A pipe dream, you say? “Unrealizable, not going to happen,” you’re thinking to yourself. Just because life, and providing a safe, secure home has been hell these past few years doesn’t mean that will always be the case.
Certainly the candidates running with OneCity Vancouver and COPE — for whom it is mandatory you cast a ballot on October 20th — don’t think it’s a pipe dream — they’ve got their heads screwed on straight, and have a plan.

An example of affordable row housing that could be built in Vancouver

Here’s how it works: Vancouver has $15 billion of city-owned property in their much-ballyhooed Property Endowment Fund (established by the TEAM civic administration of Mayor Art Phillips, in the early 1970s) — parks, school grounds, City Hall and industrial lands, as well as leased commercial, office and retail properties — $1.7 billion of which is available on a leasehold basis for development of affordable housing co-ops, co-housing and rental housing. Factor in the Crown land owned by the provincial and federal governments, and their commitment to turning over Crown land for the development of affordable housing, and you have a land bank of billions of dollars all set and ready on which to construct affordable housing.
Cost to citizens of acquiring lands to construct affordable housing: zero.
Construction cost to citizens to build affordable housing?

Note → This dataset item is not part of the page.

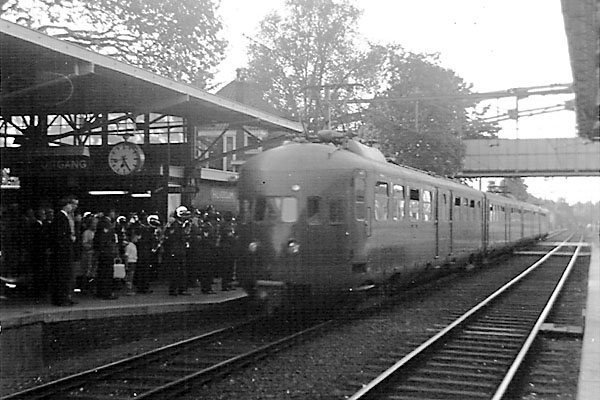 Hilversum, 19 februari 1961. Treinstel 413 vertrekt naar Amsterdam. Vier jaar later zou de voetgangersbrug worden gesloopt. Foto Adriaan Pothuizen. |

Nada, nothing, zero, zilch. Read on and we’ll tell you why.
Each time a Vancouver developer — you know, big-time real estate developers like Terry Hui’s Concord Pacific, Michael Audain’s Polygon Properties, Ian Gillespie’s Westbank Projects, Andrew Grant’s PCI Developments, Robert Fung’s Salient Group, the Aquilini Investment Group, BOSA Properties, Peter Wall’s Wall Group, Peter and Ron Toigo’s Shato Holdings, just to name a few of Vancouver’s more prominent real estate developers — each time any developer builds a massive tower or two, the city is due what is termed a “community amenity contribution (or ‘CAC’)”.
Here’s a recent example of a community amenity contribution made by a developer: upon approval of the Reliance Development of the Jimmy Pattison-owned property at Drake and Howe / Burrard and Drake, Reliance / Pattison were required to pay the city $42.6 million in CACs, monies that should have been applied to the construction of social and affordable housing — but wasn’t, because Vision Vancouver’s Mayor Gregor Robertson and Councillor Kerry Jang actually had the temerity to suggest that there was “no shortage of affordable housing in the West End” — although a new community centre, child care centres, the Jim Deva Plaza, among other necessary amenities contributory to the livability of our city were built.
Much the same thing occurred when the Amacon and Onni Group built the Brava condominium development at Davie and Seymour — part of their CAC required them to construct the Vancouver International Film Centre, home to our annual film festival, and the much-beloved Vancity Theatre.
All of the CAC information provided directly above is in aid of answering your next question. If the properties on which affordable housing — housing co-ops, co-housing, rental housing — are provided “free” on a leasehold basis, who pays for the materials & housing construction? The answer? Easy, peasy, nice & easy: the developers do, out of their CAC.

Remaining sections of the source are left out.